To Those Who Think I Am Turning Away From The Fight

Photo by ernomijland[Warning: this may trigger those of you who have experienced abuse]

I am getting more than a little irked at all the posts I’m seeing on social media about how if I’m not willing to do something than I am as bad as the terrorists.

How if I turn away from violence, if I am unwilling to put myself in a situation when I am punched or kicked or killed, then I am operating from a position of privilege and I am as bad as the racists.

I am turning away from the vitriol, the hate, and the violence. I will not be found at any protests or vigils. 

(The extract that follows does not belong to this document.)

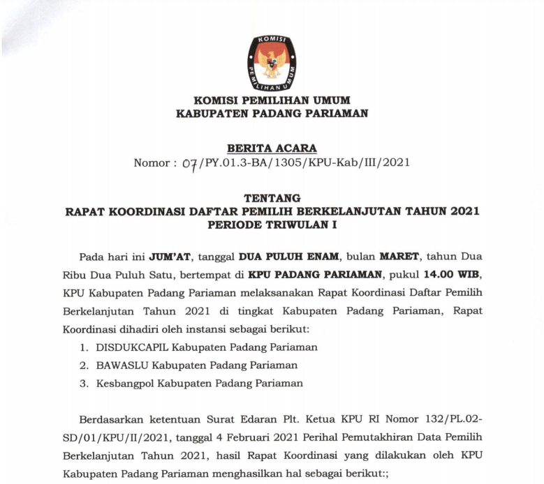 Parit Malintang, kab-padangpariaman.kpu.go.id| Berdasarkan Surat Edaran Plt. Ketua KPU RI Nomor 132/PL.02-SD/01/KPU/II/2021 tanggal 4 Februari 2021 Perihal Pemutakhiran Data Pemilih Berkelanjutan Tahun 2021, dan Hasil Rapat Koordinasi dengan instansi terkait, KPU Kabupaten Padang Pariaman menghasilkan hal sebagai berikut : …

But that does not mean that I am operating from privilege nor that I am turning away because it doesn’t concern me. It doesn’t mean that I am racist. I hate white supremacist ideas. I detest the KKK. And I believe that there is no place for anything remotely resembling nazism in the world. 

But yet I will not fight. 

I am making a public declaration: my childhood was so filled with violence that my body still bears the scars. I cannot eat asparagus to this day without vomiting because I was beaten so badly over a piece that I had bruises up and down my back and legs. I bear the scar of a cigar burn on my right hand. There is a scar running down my right nostril that I cover up every day with makeup. I still occasionally wake up from a nightmare dreaming I am being beaten. Occasionally situations will trigger me, and I need to get away immediately.

I don’t say this for pity. I survived. I survived on my own. I had no privilege then. I had no advocates. The adults in my life looked the other way. Everything that I am now came from clawing my way out of that situation, earning each and every hard step. On. My. Own. So yes, it appears I have privilege now. And in a lot of ways I do. But it isn’t something I was handed. I fought to get there.

I am saying this because too many people these days make sweeping statements about others should do. What I should do.

Yet no one stops to consider what they are truly saying. How each sweeping statement applies to individual people, individuals whose backstory they might not ever be able to guess.

I’ve already fought in the war against irrational anger and hate. I have the scars to prove it. I won’t go willingly back.

Maybe I am a coward. But that is between me and my own gods. It’s not for anyone else to decide.

And so I remind everyone who is blithely re-posting and retweeting rhetoric about how others are part of the problem that you cannot judge another until you have walked a mile in their shoes.